Miscarriage Care and Facilities in Scotland: Scoping Report National Overview

This report details the findings of a scoping exercise to enable better understanding of miscarriage care in Scotland nationally. The report seeks to aid policy makers and Health Boards in making decisions about what improvements are required to miscarriage care in Scotland.


Summary

The overall summary is presented below and is shown in Annex A mapped to the recommendations within the Lancet series on Miscarriage Matters and the Scottish Government Programme for Government commitments. The findings will be used to aid in the development of an improvement plan for miscarriage care in Scotland.

Nationally, the approach to miscarriage care varies both between and within Health Board areas. Most health boards have identified core sites that provide care for women who experience miscarriage, however what is provided at these sites varies across Scotland.

Early pregnancy services are available in all Health Boards in Scotland, 10 of 14 Health Boards have a dedicated early pregnancy unit. The opening times of early pregnancy services varies across Scotland.

All sites said that women are free to choose the management approach that suits their needs, however the geography of provision in Scotland has implications for women in terms of how they can access their chosen approach. While expectant management is often available locally, for medical or surgical management women may have to travel to the nearest site that provides this service and this can be some distance away, particularly in more rural areas.

While progress has been made towards a graded approach to miscarriage care, this approach has not yet been fully adopted in any Health Board in Scotland. That said, where elements of the graded approach have been adopted, progress is being made towards more comprehensive care for women experiencing miscarriage.

After a first, second and third or subsequent miscarriage, the full service provision outlined in the Lancet is not yet being provided in any of the Health Boards in Scotland.
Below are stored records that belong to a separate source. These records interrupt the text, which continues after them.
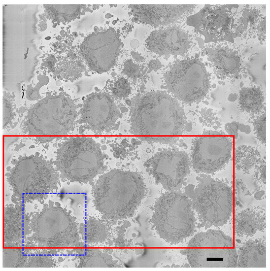 Details regarding the preparation of the HeLa cells have been previously described [75]. For completeness, these are briefly described here. Cells were embedded in Durcupan and observed with an SBF scanning electron microscope following the National Center for Microscopy and Imaging Research (NCMIR) protocol [77]. The images were acquired with a SBF SEM 3View2XP microscope (Gatan, Pleasanton, CA, USA) attached to a Sigma VP SEM (Zeiss, Cambridge, UK). Voxel dimensions were 10 × 10 × 50 nm with intensity values in the range [0–255]. Five hundred and seventeen images of pixels were acquired. A ROI was cropped by estimating manually the centroid of one cell at the centre of a box of voxels. Figure 2 illustrates a representative slice of one of the images with the ROI indicated by a dashed blue square and a solid red line a larger region to illustrate the qualitative evaluation. Figure 3 illustrates several slices of the ROI. All the EM dataset are publicly available through EMPIAR [78] at the following URL: http://dx.doi.org/10.6019/EMPIAR-10094 (accessed on 23 February 2023).
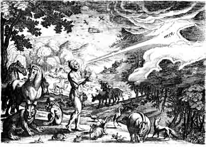 Description: Adam stand before the glory of the Lord, as represented by a radiating light enclosed around the Tetragrammaton, while in the background Eve stands before the glory of the Lord after being created out of Adam’s side.
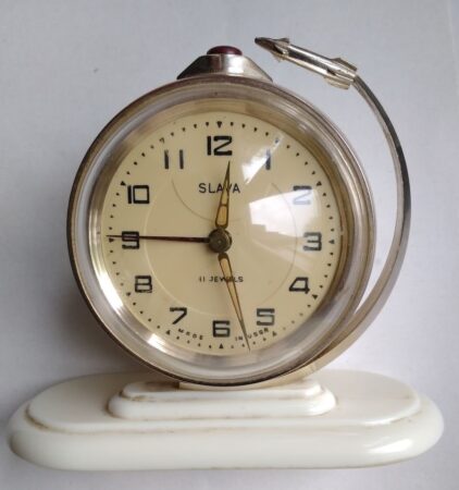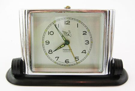 Réveil-matin de la marque « Mir » (« Paix ») de la 2e Fabrique de Montres de Moscou avec l’emblème de la colombe.
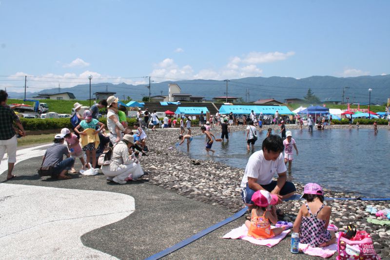 8月の第一土曜日には「ながい水まつり・最上川花火大会」の主会場として、多くの来場者でにぎわいます。
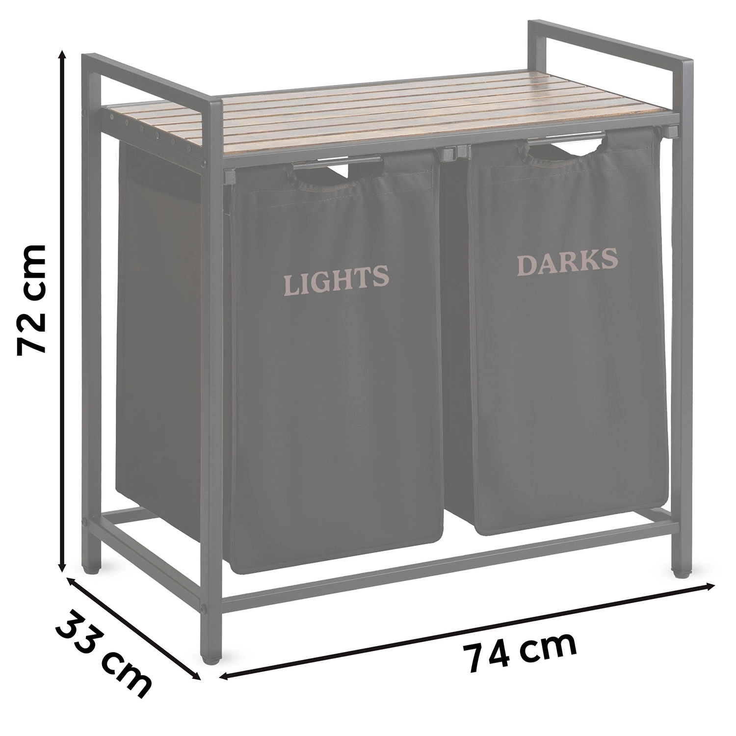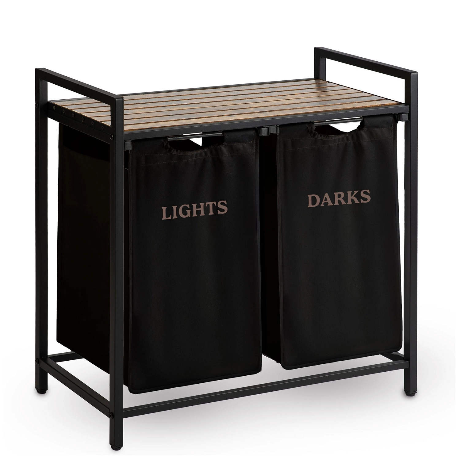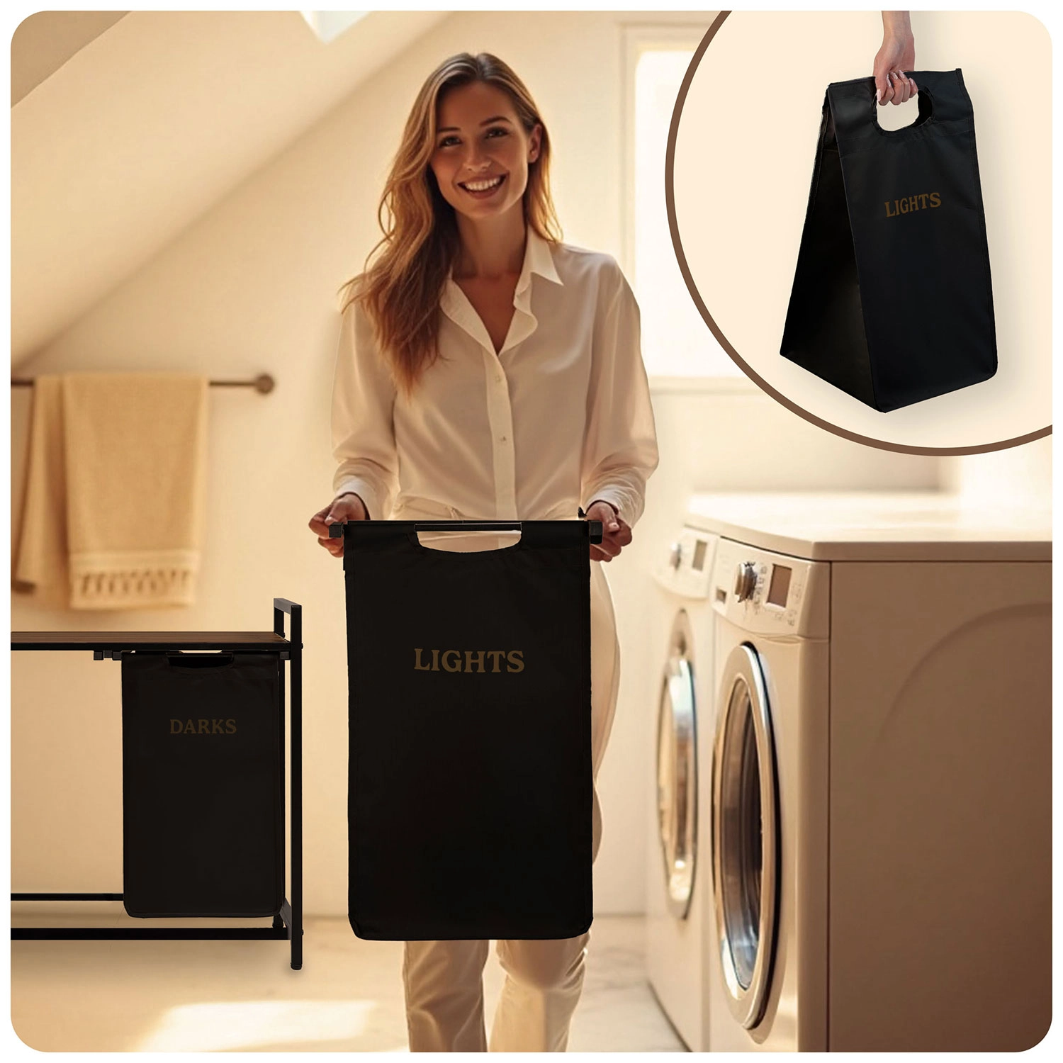 With two separate fabric bins labeled “Lights” and “Darks,” you sort laundry right when you drop it in—no more lengthy pre-wash sorting. The top natural wood shelf provides space for detergents, towel baskets, or small appliances and supports up to 20 kg.

Key elements of the graded approach such as the provision of vaginal micronised progesterone and medical management with mifepristone and misoprostol and surgical manual vacuum aspiration have not yet been fully implemented in all Health Boards.

All Health Board areas provide some dedicated facilities for those experiencing unexpected pregnancy complications, although not all have separate rooms or areas away from women with a continuing pregnancy. Those that do not have separate areas indicated that this was mainly due to lack of space and that they plan to implement such facilities in the next two years.
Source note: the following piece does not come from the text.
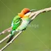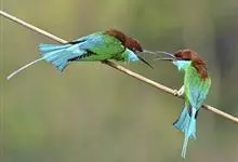 栗喉蜂虎是蜂虎科蜂虎属的鸟类。有热带鸟类羽毛艳丽的特征:喉部是栗红色的,黑色的过眼纹,翅膀和背部是绿色的,尾翼是蓝色的,飞行时翅膀下面的羽毛是橙黄色的,在阳光的照射下,它们全身闪烁着金属般的艳丽光泽,…全部>>
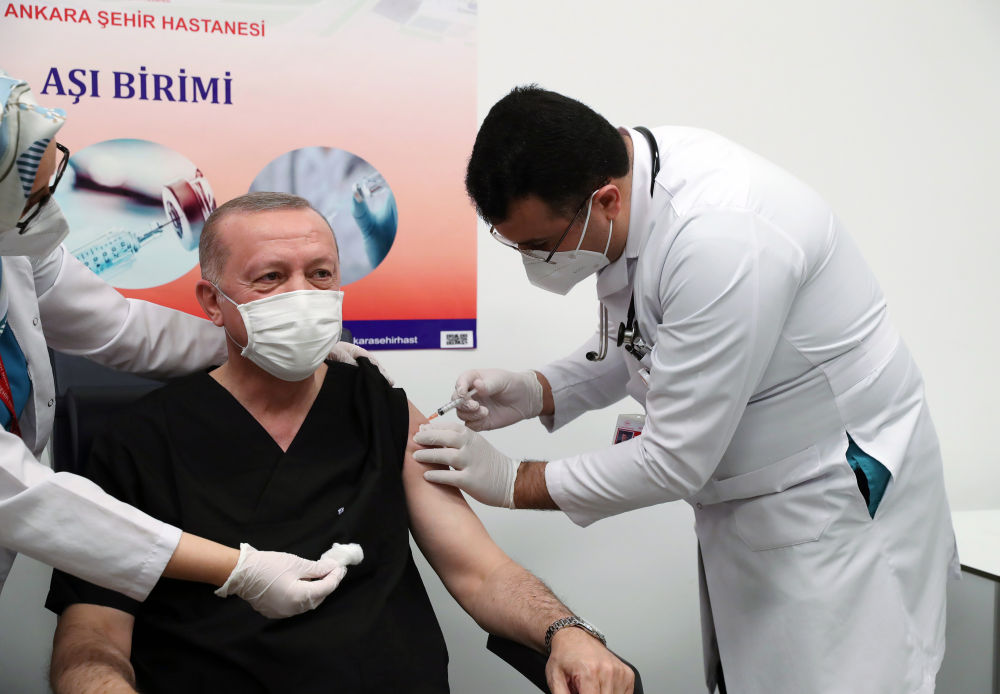 1月14日,土耳其总统埃尔多安(中)在安卡拉一家医院接种中国新冠疫苗。(新华社发)

Half of the Health Boards have a separate area to carry out complication/

investigative scans which are separate from women with a continuing pregnancy, while some sites plan to implement this, others stated space and costs as a barrier to implementation.
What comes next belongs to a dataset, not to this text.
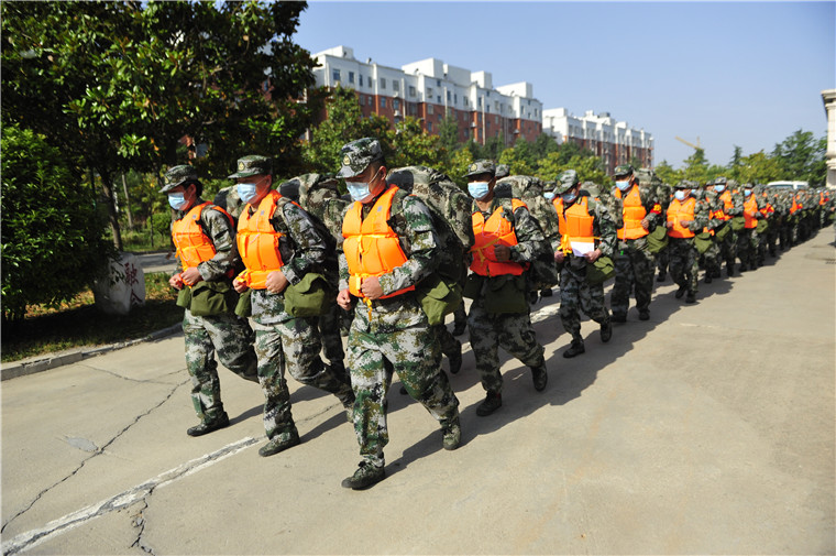 2020年5月21日,新密市民兵应急分队快速集结,执行防汛抢险任务。
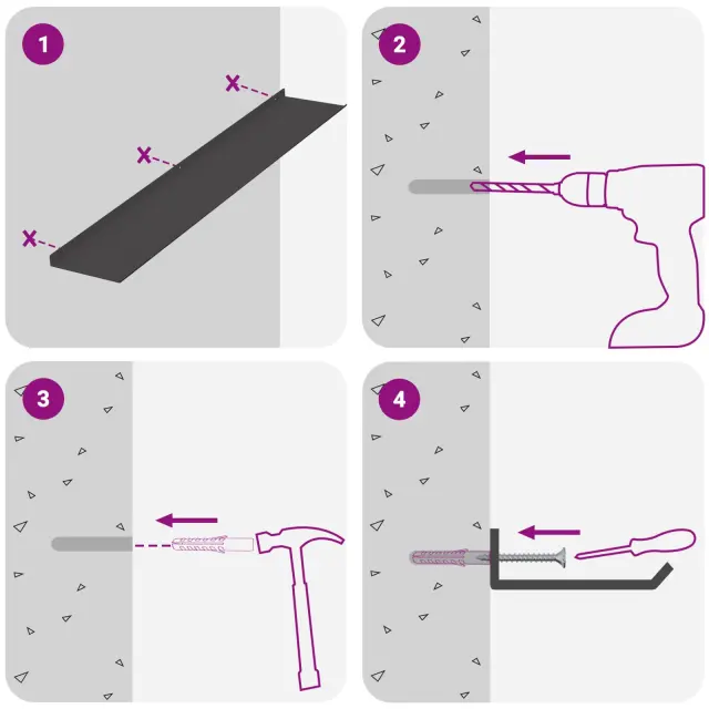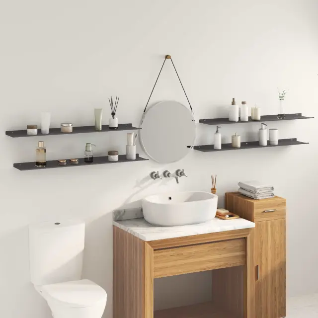 • Enostavna namestitev Polica je zasnovana za hitro in enostavno montažo na steno z osnovnimi orodji. Vijaki niso vključeni, takže jih izberite glede na svojo steno.

There is written clinical guidance for clinical staff on the appropriate treatment and care for miscarriage at all gestations at most sites that care for women experiencing miscarriage.

The training and skills of staff providing miscarriage care varied across Health Boards. Often specialist training is centralised within one or two units within a Health Board area. Some Health Boards operate a medically led approach to miscarriage care with consultant lead provision and doctors trained to provide comprehensive miscarriage care with fewer Health Boards with nurses or midwives with additional specialist training.

The gathering of data about miscarriage is variable both within and across Health Board areas, this has been difficult to capture centrally due to women presenting at both primary and secondary health care environments, alongside some women not presenting at all to medical services. A project is underway to better define and capture data on miscarriage nationally in Scotland in line with the Lancet series on miscarriage matters.